I see lots of misunderstandings in the media about what a recession and depression are. For example, it's popular to point out that "the recession" ended in the summer of 2009 yet the use of food stamps and other forms of welfare has continued to be high, and unemployment has not returned to normal. The reason is: a recession is defined narrowly as two or more successive quarters of declining GDP. GDP (Gross Domestic Product) is the total of the monetary value of all goods and services produced during the period. So if the economy is producing more goods but not hiring people to do it, GDP goes up, while employment does not.
Here are the two rates: The grey area is the period that the economy was technically in recession. Bear-Stearns failed in March of 2008, right at the end of the 1st quarter. This was the real beginning of the crisis, but it didn't reach its crescendo until Lehman Brothers failed in September. Since GDP is computed quarterly, this counts as a bad quarter (J-M'08), followed by a good quarter, followed by three bad quarters. The Federal Reserve, which provided the data for this graph, thus counts the recession as beginning Q1 '08 and ending after Q2 '09: 5 quarters.
But unemployment, which had been slowly declining during the bubble, had begun to rise as the subprime crisis began to unfold in early 2007 and didn't reach its peak until the GDP has been recovering for more than a quarter. A trailing indicator, as it is called. Or GDP is a leading indicator. Unemployment has been coming down since its peak in late 2009, but slowwwly, much more slowly than GDP has returned to. Worse yet, the jobs that people have are not as good, and so many people have been unable to find work that they have given up. The rate on the chart is called the U3. U6, which counts people who have given up because they can't find work, and people who are working part time because they can't find full time work, has stubbornly remained 6.5% higher than U3 since the recession. Prior to the recession, it tended to be 4 to 4.5% higher. Even U6 doesn't count people who have unwillingly taken early retirement, and there are a lot of these. The people who need food stamps, social security, unemployment insurance, and all the rest, are U6+, which remains at least 6% higher than it was before the recession began.

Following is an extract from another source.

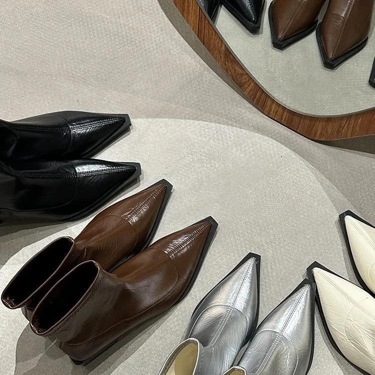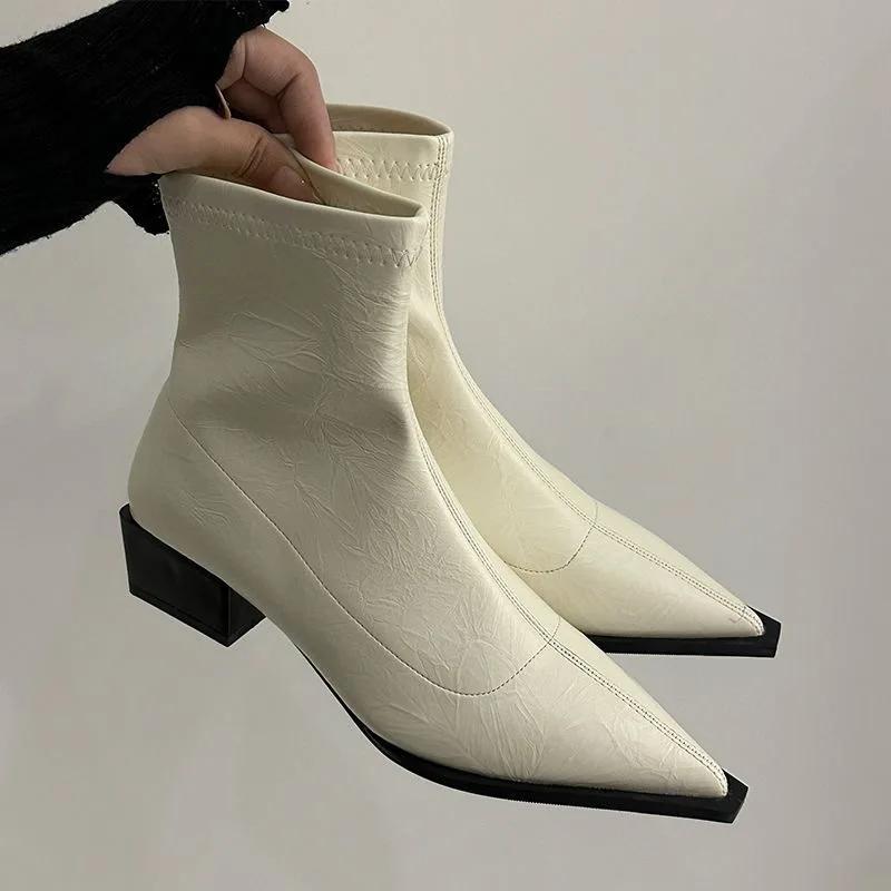 Женские остроносые ботильоны на среднем каблуке, остроносые кожаные сексуальные ботинки челси, трендовый дизайн, зимние новые туфли-лодочки, дизайнерские короткие ботинки для женщин

What is a depression? Economists have a lot of definitions, but it boils down to: they know it when they see it. The most popular is: a particularly long and deep recession. The recession part of the great depression lasted from October 1929 until the spring of 1933: 14 quarters. Unemployment remained high until into 1942: 12.5 years. Another popular definition is that there's deflation. That certainly happened in the great depression too. It's very possible that the only reason it didn't happen in the current situation is because of the TARP, the Stim, and the repeated episodes of Quantitative Easing provided enough inflationary pressure to prevent it. Another candidate definition is that the economy enters a liquidity trap. This is when interest rates are near zero and thus cannot be lowered further to stimulate demand. This is also true of all depressions, but it's also true of the present situation. It is why no amount of QE is able to stimulate the economy, as in more normal recessions. Paul Krugman is fond of this definition and he calls the present situation the "Lesser Depression".